Film Review: Tell Spring Not To Come This Year


Writing this on Remembrance Sunday, there’s no better time to meditate on the human cost and victims of modern warfare. There have been many documentaries and films written about the futility of war, but in the modern arenas of Iraq, Syria and Afghanistan (to name but a few) the emphasis is normally about the involvement of Western powers. In Tell Spring Not to Come This Year co-directors Saeed Taji Farouky and Michael McEvoy tell the story of the war in Afghanistan from the perspective of those Afghan fighting it.

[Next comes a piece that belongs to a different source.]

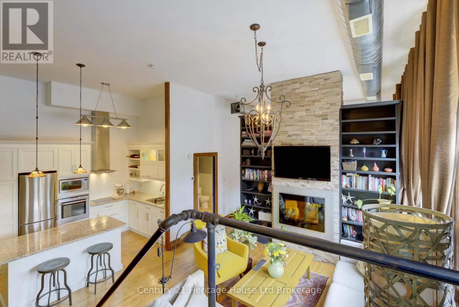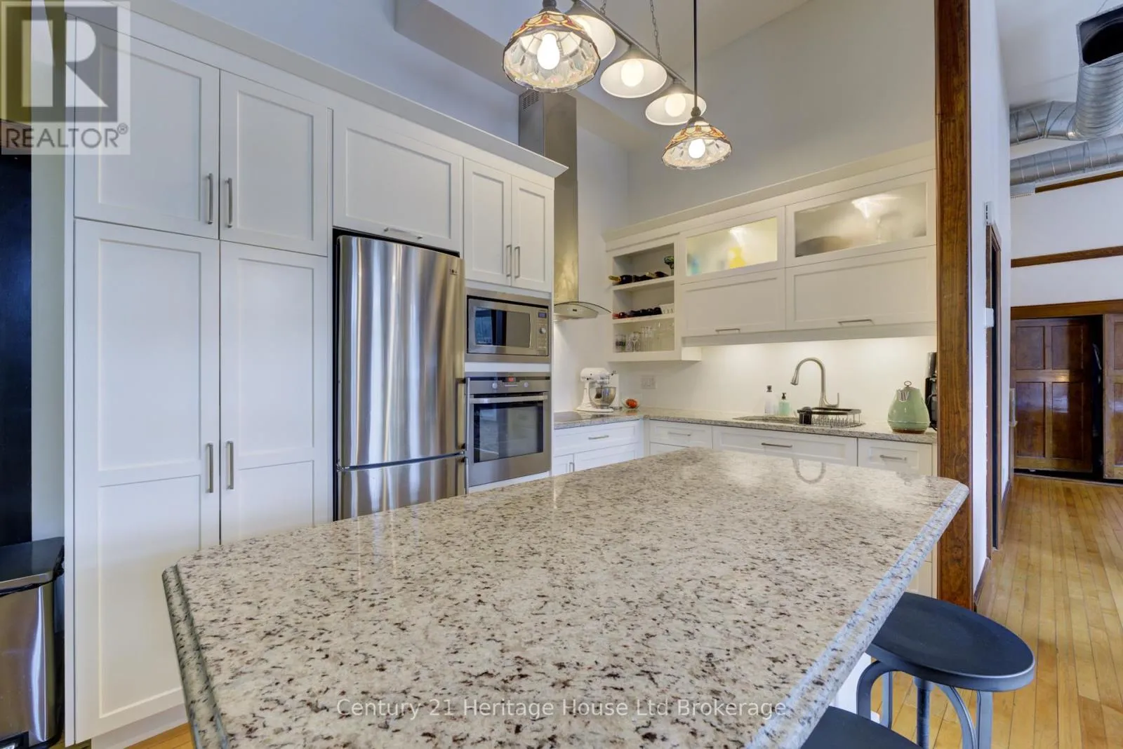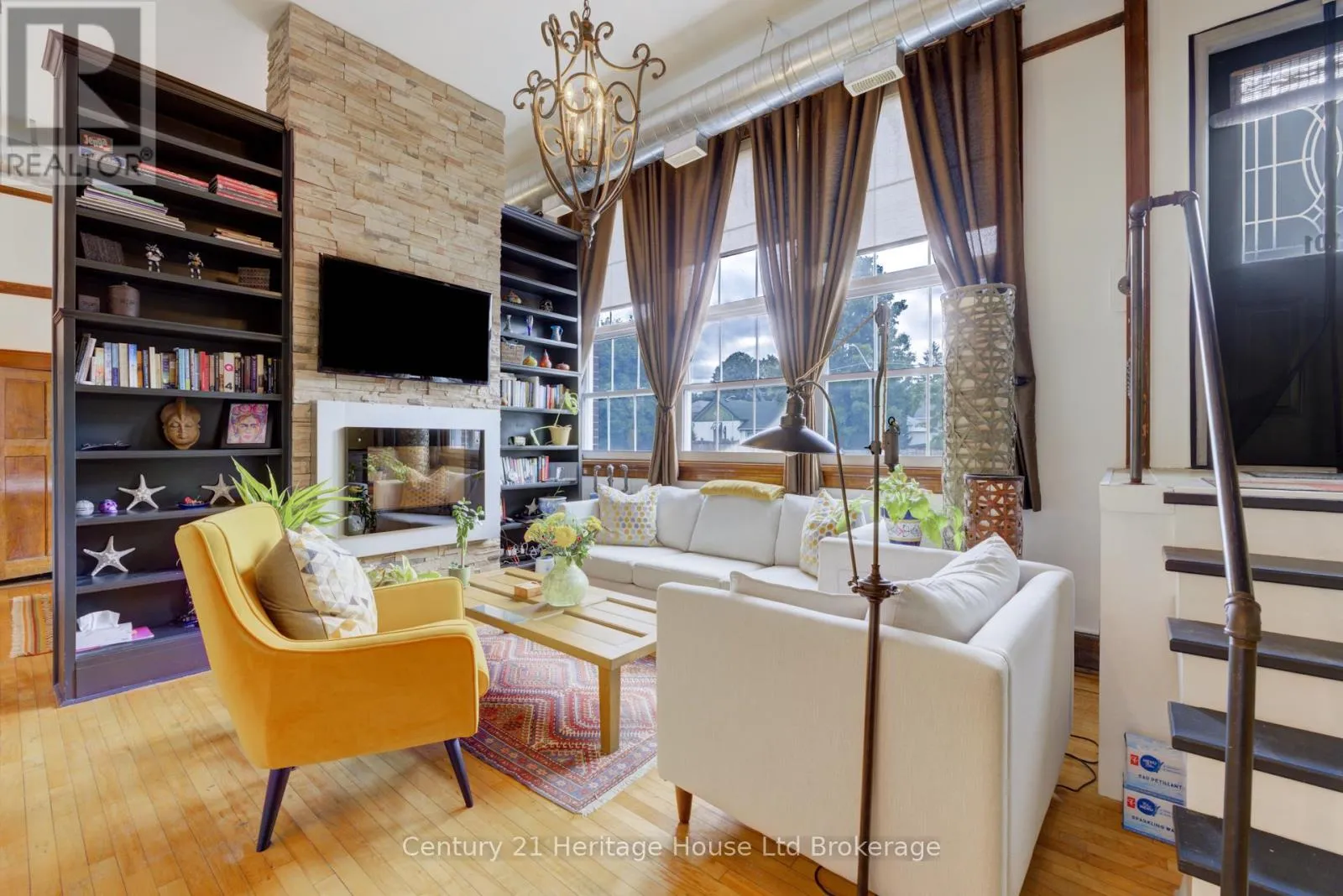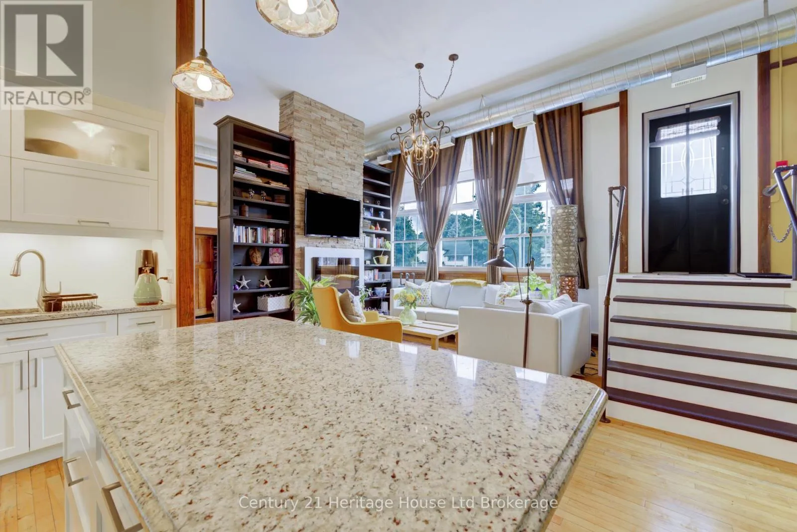Cross Streets: Travel east on dundas from Wilson, right onto Chapel St. & property is on the east side. ** Directions: peel - Lawrason. Discover the perfect blend of character and comfort in this truly unique Chapel School condominium. From the moment you enter, the original charm is undeniable; hardwood floors, high ceilings, 8" baseboards, and even preserved blackboards add warmth and history to the space. A custom ironwork railing frames the entry landing and opens to an inviting, open-concept layout designed for both everyday living and entertaining. At the heart of the home is a show-stopping modern kitchen, complete with a 6' granite island featuring seating, pot drawers, and an electrical outlet. A full bank of cabinets and granite counters provides ample workspace, alongside a built-in oven, cooktop, stylish range hood, pantry with pull-outs, lazy Susan, and double stainless sink. The spacious living room is anchored by a dramatic floor-to-ceiling stacked stone fireplace flanked by custom twin bookcases. The generous 4-piece bath has been refreshed with a new vanity and toilet, while the primary bedroom boasts a clever Harry Potter-style door system that opens several panels at once with a single turn. Additional features include in-suite laundry, newer windows, quality appliances, a private deck, outdoor storage, and two parking spaces. This rare condo offers the charm of yesteryear with all the conveniences of modern living truly one-of-a-kind (id:27476)

At the time NATO are pulling-out of Afghanistan, Helmand Province is as dangerous as ever. Tell Spring Not to Come This Year follows a unit of the Afghan National Army over the course of their first year of fighting against the Taliban. Albeit trained by the Americans, they are clearly unprepared and uncoordinated, with an absence of leadership and support from those in charge. We follow the recruits as they come to terms with losing their friends and being thrown into a dangerous battle to hold the strategic town of Sangin.

Tell Spring Not to Come This Year is not a sensationalist documentary concerned with broadcasting its message by shocking an audience. It’s an intimate portrait of the lives of these fighters. We learn their hopes for the future and their fears for the present, along with why they joined-up in the first place. For some it’s through a sense of patriotism, whilst others see it as a way out of poverty. It’s refreshing to see a film from the perspective of those abandoned to pick up the pieces when the rich countries have had enough.

Tell Spring Not to Come This Year is out in cinemas on Friday.